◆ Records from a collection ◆
((
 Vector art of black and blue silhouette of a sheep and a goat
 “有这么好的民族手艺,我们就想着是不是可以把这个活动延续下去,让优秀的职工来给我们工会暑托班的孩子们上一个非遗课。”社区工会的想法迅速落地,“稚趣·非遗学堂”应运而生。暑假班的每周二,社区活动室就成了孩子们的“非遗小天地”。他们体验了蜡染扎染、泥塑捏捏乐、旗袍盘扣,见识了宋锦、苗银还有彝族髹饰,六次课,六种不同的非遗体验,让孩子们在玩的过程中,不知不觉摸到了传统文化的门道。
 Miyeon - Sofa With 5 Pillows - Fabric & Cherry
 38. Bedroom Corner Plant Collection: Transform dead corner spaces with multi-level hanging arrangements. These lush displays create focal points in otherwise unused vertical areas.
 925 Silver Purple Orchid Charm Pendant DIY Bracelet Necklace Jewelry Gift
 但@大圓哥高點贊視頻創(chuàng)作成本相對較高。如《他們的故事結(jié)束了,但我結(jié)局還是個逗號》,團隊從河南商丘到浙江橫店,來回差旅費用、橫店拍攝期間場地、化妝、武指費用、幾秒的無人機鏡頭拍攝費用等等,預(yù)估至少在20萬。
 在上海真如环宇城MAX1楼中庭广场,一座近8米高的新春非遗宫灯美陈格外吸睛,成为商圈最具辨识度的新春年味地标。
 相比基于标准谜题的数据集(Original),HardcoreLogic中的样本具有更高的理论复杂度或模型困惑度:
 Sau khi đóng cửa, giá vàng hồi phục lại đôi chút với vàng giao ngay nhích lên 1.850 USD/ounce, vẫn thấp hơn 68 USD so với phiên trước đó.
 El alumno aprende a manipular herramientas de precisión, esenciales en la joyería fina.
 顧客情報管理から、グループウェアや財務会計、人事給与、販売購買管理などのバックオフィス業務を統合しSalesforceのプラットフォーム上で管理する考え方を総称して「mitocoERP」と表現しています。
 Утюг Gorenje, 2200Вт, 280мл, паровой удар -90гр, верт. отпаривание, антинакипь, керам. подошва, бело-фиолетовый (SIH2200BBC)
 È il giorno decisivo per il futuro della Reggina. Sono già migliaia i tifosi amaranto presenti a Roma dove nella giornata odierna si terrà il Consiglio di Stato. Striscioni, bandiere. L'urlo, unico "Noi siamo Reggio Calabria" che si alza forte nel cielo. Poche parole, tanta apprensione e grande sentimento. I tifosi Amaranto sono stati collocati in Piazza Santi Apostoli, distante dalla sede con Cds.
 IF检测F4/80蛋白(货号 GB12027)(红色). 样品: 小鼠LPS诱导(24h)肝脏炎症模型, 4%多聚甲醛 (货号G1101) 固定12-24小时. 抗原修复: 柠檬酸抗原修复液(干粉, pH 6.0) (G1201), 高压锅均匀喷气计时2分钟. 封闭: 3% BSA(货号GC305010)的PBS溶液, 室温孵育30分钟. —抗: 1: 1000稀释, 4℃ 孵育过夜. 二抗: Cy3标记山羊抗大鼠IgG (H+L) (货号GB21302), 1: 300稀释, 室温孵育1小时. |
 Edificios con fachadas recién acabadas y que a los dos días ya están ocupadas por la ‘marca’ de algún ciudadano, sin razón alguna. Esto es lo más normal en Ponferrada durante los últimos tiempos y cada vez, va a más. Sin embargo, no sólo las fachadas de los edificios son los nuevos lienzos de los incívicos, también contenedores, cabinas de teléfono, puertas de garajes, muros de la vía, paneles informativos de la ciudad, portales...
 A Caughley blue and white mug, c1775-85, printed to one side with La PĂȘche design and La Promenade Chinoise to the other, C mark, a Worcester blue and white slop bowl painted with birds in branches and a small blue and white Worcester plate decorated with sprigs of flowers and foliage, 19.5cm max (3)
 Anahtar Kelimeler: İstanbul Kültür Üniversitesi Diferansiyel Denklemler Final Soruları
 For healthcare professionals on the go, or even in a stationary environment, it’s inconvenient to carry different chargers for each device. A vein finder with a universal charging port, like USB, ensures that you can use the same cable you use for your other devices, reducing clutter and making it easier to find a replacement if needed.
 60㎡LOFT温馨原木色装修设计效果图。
))
◆ What the task asks ◆
From the entries above, write out only the lines starting at the line that holds "Miyeon - Sofa" and ending at the line that holds "相比基于标准谜题的数据集(O", keeping both and matching them exactly.

◆ Exercise solution ◆
 Miyeon - Sofa With 5 Pillows - Fabric & Cherry
 38. Bedroom Corner Plant Collection: Transform dead corner spaces with multi-level hanging arrangements. These lush displays create focal points in otherwise unused vertical areas.
 925 Silver Purple Orchid Charm Pendant DIY Bracelet Necklace Jewelry Gift
 但@大圓哥高點贊視頻創(chuàng)作成本相對較高。如《他們的故事結(jié)束了,但我結(jié)局還是個逗號》,團隊從河南商丘到浙江橫店,來回差旅費用、橫店拍攝期間場地、化妝、武指費用、幾秒的無人機鏡頭拍攝費用等等,預(yù)估至少在20萬。
 在上海真如环宇城MAX1楼中庭广场,一座近8米高的新春非遗宫灯美陈格外吸睛,成为商圈最具辨识度的新春年味地标。
 相比基于标准谜题的数据集(Original),HardcoreLogic中的样本具有更高的理论复杂度或模型困惑度:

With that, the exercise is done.